The Celtic Sea has a seabed problem and traditional solutions won’t fix it

May 28th, 2026
Derek Robertson
Derek Robertson, CEO

The Celtic Sea is central to the UK’s offshore wind ambitions, playing a major role in delivering net zero while driving economic growth across Wales and the South West. 

But beneath that ambition sits a problem the industry has yet to fully confront. 

The seabed conditions are fundamentally different to those that offshore wind has been built on to date. The shallow overburden over bedrock combined with harsh metocean conditions, extreme loading requirements and the need to deliver projects at industrial scale create challenges that conventional approaches struggle to overcome. 

And yet, many projects proceed on the assumption that they won’t. 

Drag embedment anchors, driven piles and suction piles have served the industry well to date, but they are not technically viable at the scale required across large sections of the Celtic Sea. Continuing to rely on them doesn’t just create engineering challenges, it undermines the entire project economics. This is where the real risk lies. 

If projects are modelled on solutions that cannot deliver the required performance, cost or scalability, then Final Investment Decision (FID) becomes increasingly difficult to achieve. Not because the ambition isn’t there, but because the foundations of the business case are flawed. 

What’s required is not adaptation of existing methods, but adoption of approaches designed specifically for these conditions. 

Subsea Micropiles represent one such approach. Engineered for shallow soils over bedrock and to withstand high loads in harsh environments, they offer a fundamentally different way of thinking about anchoring. By integrating geotechnical and geophysical data into a unified 3D ground model, projects can improve soil understanding while reducing Pre-FID survey costs. That same model can then inform anchor design and simulation, optimising steel weight, installation strategy and overall system performance, ultimately reducing construction costs and risk. 

That shift matters. The projects that move forward will not be those that simply meet technical requirements, but those that align engineering reality with commercial viability. 

This extends beyond floating wind. In fixed-bottom projects, replacing traditional pin piles with anchor-based systems that act as landing platforms for jackets can reduce reliance on large installation vessels, improve schedule control and increase flexibility. It challenges established practice, but so do the conditions in the Celtic Sea. 
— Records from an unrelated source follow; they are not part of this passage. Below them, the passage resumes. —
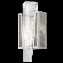 A transformative element of classical architecture has been captured in cast glass by highly skilled artists in our Miami studio. All available in silver leaf or gold leaf finish, with either white textured linen or metal mesh. Sconce shown in gold leaf finish with white textured linen.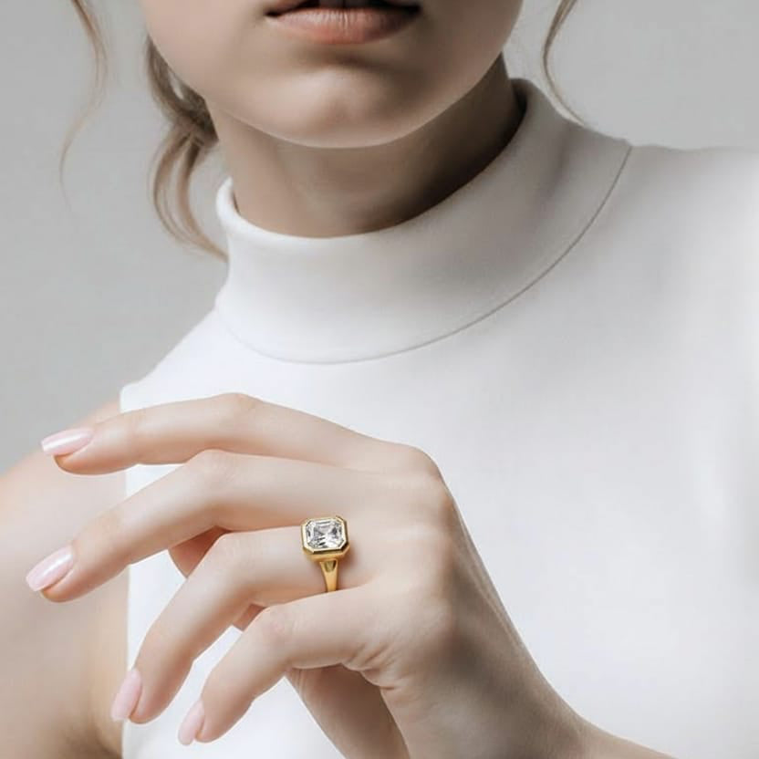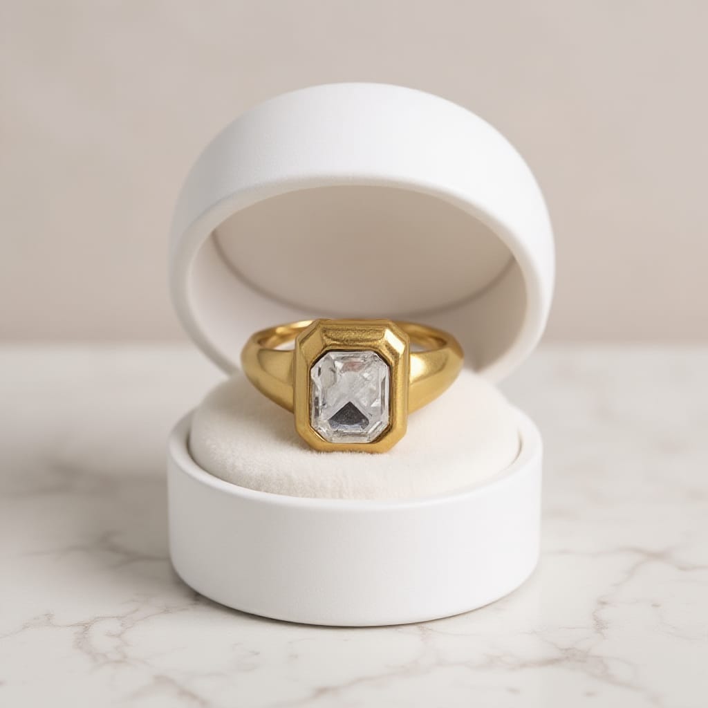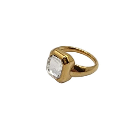 Lady es una sortija que queda bonita sin ser exagerada. Tiene una piedra rectangular de tamaño mediano que se ve moderna y elegante, pero sigue siendo liviana y cómoda para usar todo el día. Está hecha en stainless steel, así que mantiene su brillo y color sin problema.
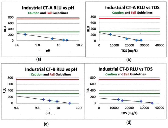 Cooling tower water planktonic bacterial RLU (ATP) values vs. pH and TDS. (a) Shows RLU vs. pH for CT-A. (b) Shows the RLU vs. TDS for CT-A. (c) Shows RLU vs. pH for CT-B. (d) Shows RLU vs. TDS for CT-B. The linear inhibitory effects of increased pH and TDS vs. ATP (RLU) values measured in two industrial cooling tower systems [], the green acceptable control limit line at 300 RLU and the red out-of-control limit line at 800 RLU, demonstrate reduced RLU (ATP) values and therefore the reduced microbiological masses in both systems as the pH and TDS values increase [].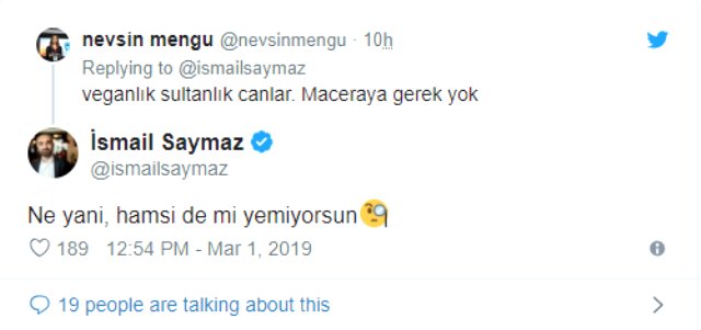 Gazeteci İsmail Saymaz ile Nevşin Mengü, sosyal medya hesaplarından hamsi üzerine polemiğe girdi. "NE YANİ HAMSİDE Mİ YEMİYORSUN?" Nevşin Mengü, İsmail Saymaz'ın Karatay diyetiyle ilgili yazdıklarına sosyal medya hesabında yanıt vererek "Veganlık sultanlık canlar.
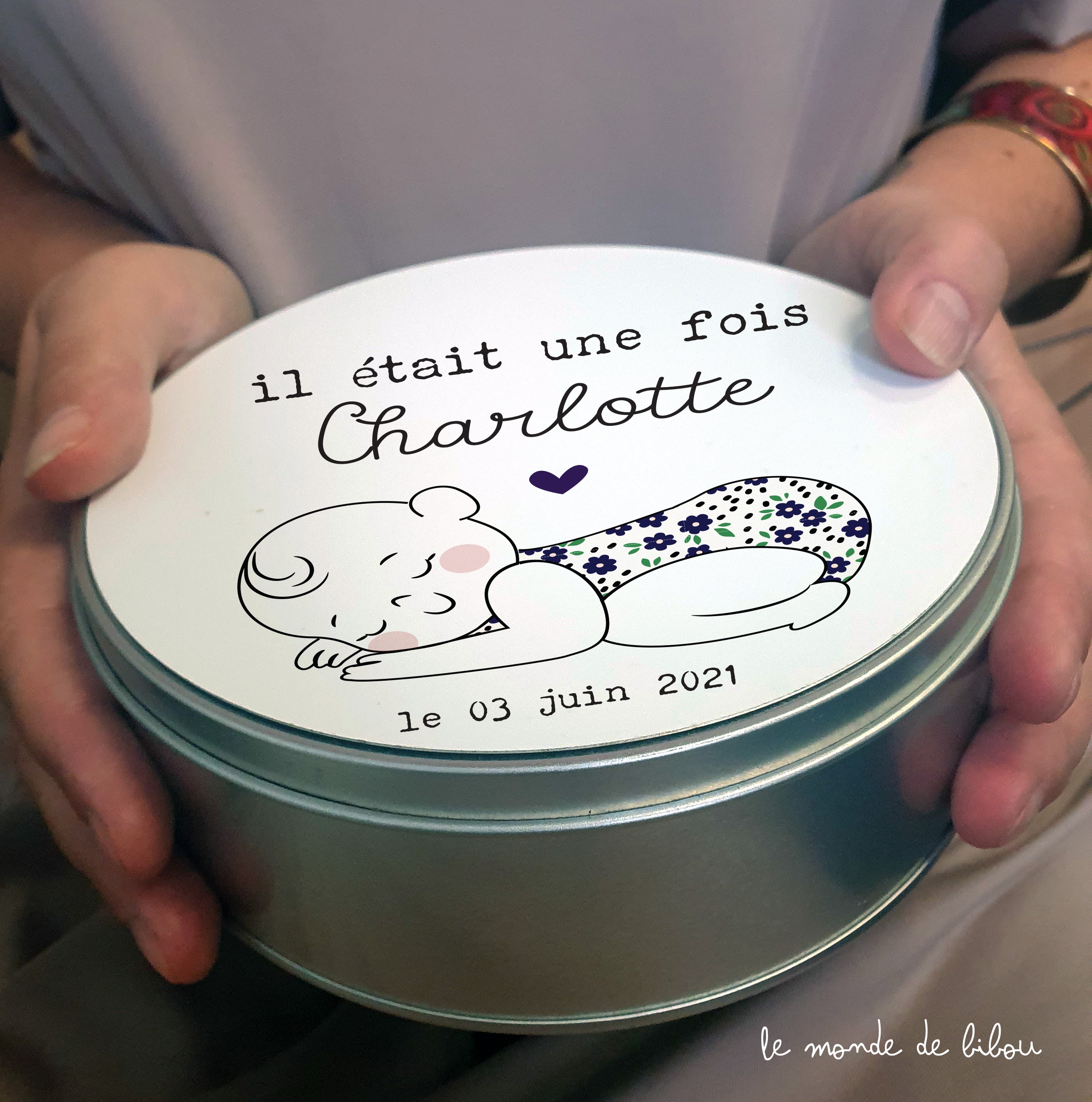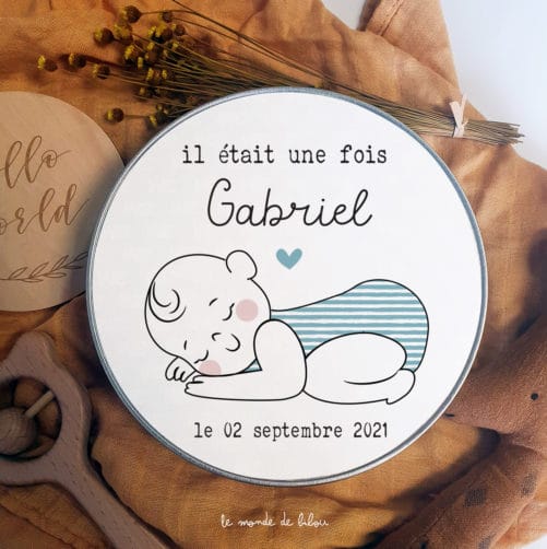 - Texte : « Il était une fois – PRÉNOM de l’enfant + date de naissance «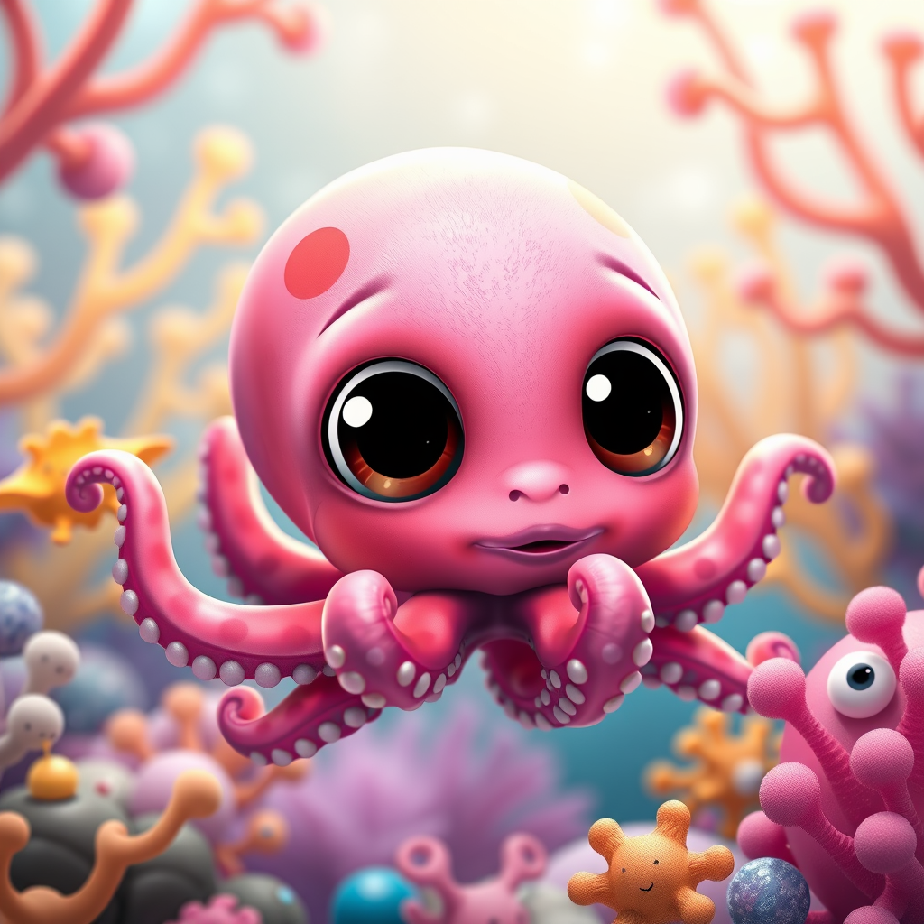 Adorable baby octopus rendered in a vibrant Pixar-like style, featuring large, expressive eyes and tiny, charming tentacles; surrounded by a colorful underwater world with playful sea creatures, enhancing the cuteness overload with a delightful and whimsical atmosphere.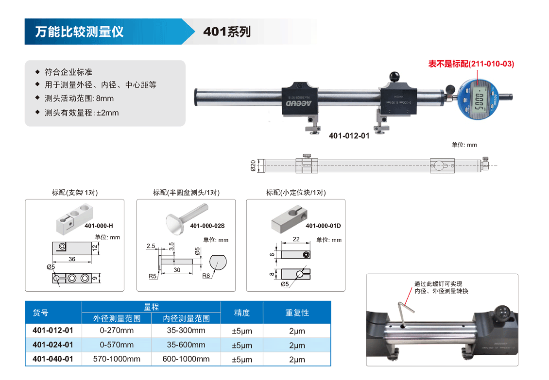 簡短描述: ? 符合企業(yè)標準 ? 用于測量外徑、內(nèi)徑、中心距等 ? 測頭活動范圍:8mm ? 測頭有效量程:±2mm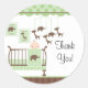 Muito obrigado. Um adesivo de bebê com um quarto de bebê verde e doce com um celular para bebês. Vinheta perfeita para favores de bebês ou envelopes de convite e anúncios de nascimento! Os convites correspondentes, selos postais e notas de agradecimento estão disponíveis no nosso compro em www.celebrateitinvites.com. ©Cocoa Studio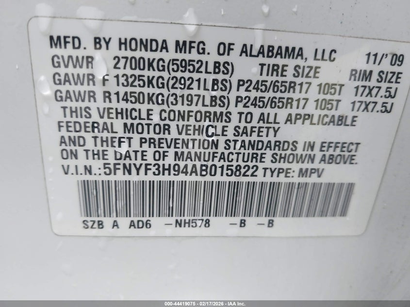 • 5FNYF3H94AB015822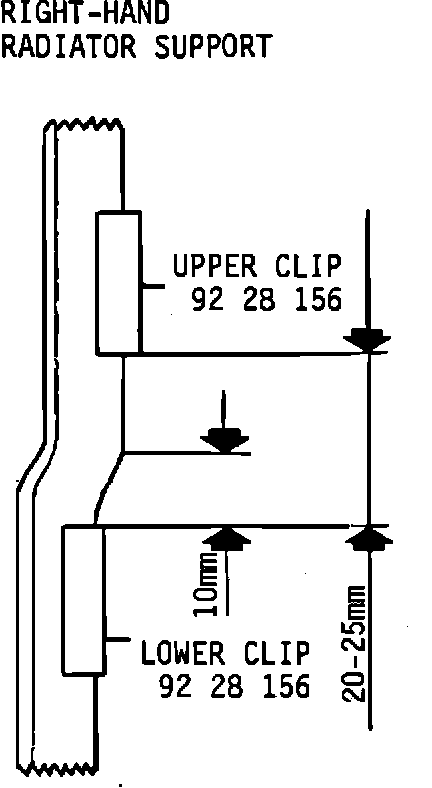 2. Re-locate the lower clip on the radiator cross-member to the position shown in the drawing.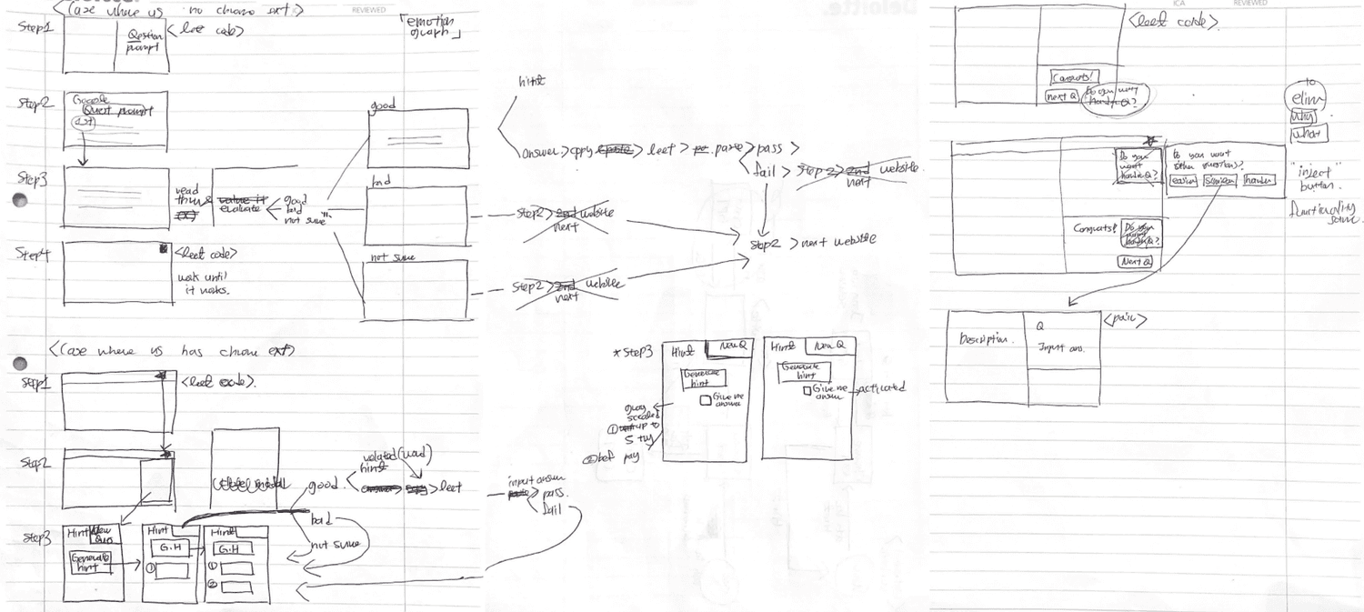 First, I broke down every step that users will walk through and tried to think about the process considering what users will expect in each step. Since the hackathon had to be completed in two weeks, I created a low-fidelity wireframe as early as possible and handed it over to a front-end developer.

The Celtic Sea will not be unlocked by applying legacy solutions to a new problem. It will be unlocked by recognising that the problem has changed and responding accordingly. Until then, the risk is clear, projects will continue to be designed for conditions that don’t exist, using solutions that don’t work, in a market that cannot afford either. Geological conditions are setting the pace for offshore wind development going forward and will prevent many from reaching a final investment decision. Our opportunity and our ambition require change.